Reporter/Producer at WMMT/The Ohio Valley ReSource 
Katherine LaGrave

You can often find Sydney Boles (MSJ18) spending time outside. More often, you’ll find her at the place where journalism and nature intersect. As a reporter and producer at WMMT/The Ohio Valley ReSource, she’s covered topics like the fossil fuel industry, conservancy in the Appalachian Mountains and the plight of the rural poor. 

Her interest in environmental and social justice reporting began much earlier. As a Medill student, she focused on investigative journalism, traveled around the country to learn from marginalized communities and took on challenging, in-depth stories. Medill’s diverse alumni networkincluding her fellow classmateshelped spark her ambition in the field. 

Tell us about your career path. How did you get where you are today? 

I came to Medill with a background in oral history and ethnography, but I wanted to tell stories that responded to, and maybe even shaped, our national conversation. The 2016 presidential election sparked my interest in storytelling that focuses on social and economic justice issues. 

What are your main responsibilities as a reporter at the Ohio Valley Resource? 

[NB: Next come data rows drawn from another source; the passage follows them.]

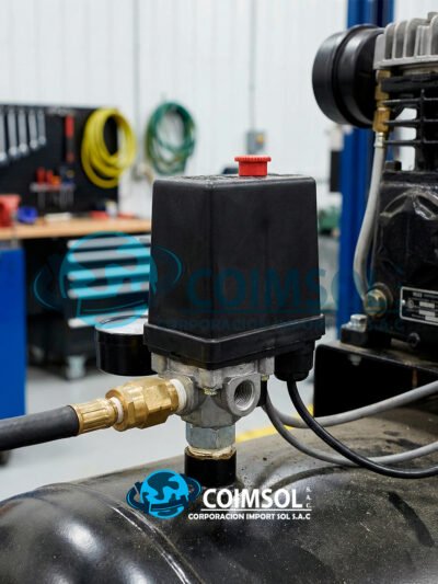 Presostato automático para compresor con presión ajustable hasta 175 PSI, ideal para controlar el encendido y apagado del equipo de forma segura y eficiente. Cuenta con 4 vías de conexión y válvula de alivio para mejor protección del motor. -
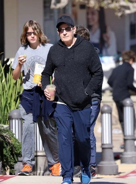 Trion sågs dricka smoothies och dela snacks medan de var avslappnat klädda för det soliga vädret. Sheen, 59, bar en vit skjorta, blå byxor, en huvtröja och en keps. Max och Bob, som nu är lika långa som sin pappa på 178 cm, bar matchande solglasögon som förstärkte deras likhet ytterligare.
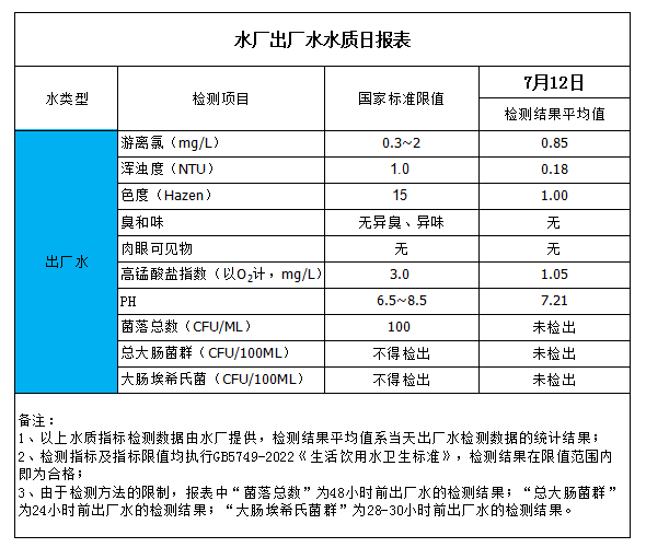 水廠出廠水水質(zhì)日報(bào)表(2023-7-12)

I cover Appalachia's massive shift from an extractive, fossil-fuel mono-economy to a new, more diverse economic model. I spend a lot of time out in the field, interacting with community members and building relationships. I also edit my own audio, produce audio scripts and web stories, and collaborate with reporters at NPR member stations across the Ohio Valley region. 

How has your Medill training helped you in your career so far? 

The training I received at Medill gave the confidence to tackle every challenge this job has thrown my way, from navigating tough ethical decisions to holding powerful people to account. I'm especially grateful for the skills I learned in the Social Justice and Investigative Reporting specialization, where I was encouraged to pursue ambitious investigative stories that could lead to real change. 

How has the Medill network helped you in your career? 

Medill alumni were always receptive when I reached out during my career search. It's amazing how many Medill alums you'll run into, and in my experience, they're all eager to share support young journalists coming up behind them. 

What is a Medill class or experience that sticks out in your mind and why? 

I'll never forget my trip to the American Southwest and the Navajo and Hopi nations to learn about reporting on indigenous communities. It's easy to overlook the importance of cultural competency in journalism, and the experience through Medill Explores was an amazing opportunity to learn how to do journalism in a community you're not familiar with. 

What advice do you have for someone considering Medill? 

Be ready to seize the opportunity and make the most of an incredible program. If there's something you don't understand, ask for help. If there's an opportunity to join a project, throw your hat in the ring. And focus on building relationships. The people you're sitting next to in your classes will be making their way through the industry beside you, too, and you'll be surprised how often you cross paths once you've gotten your degree.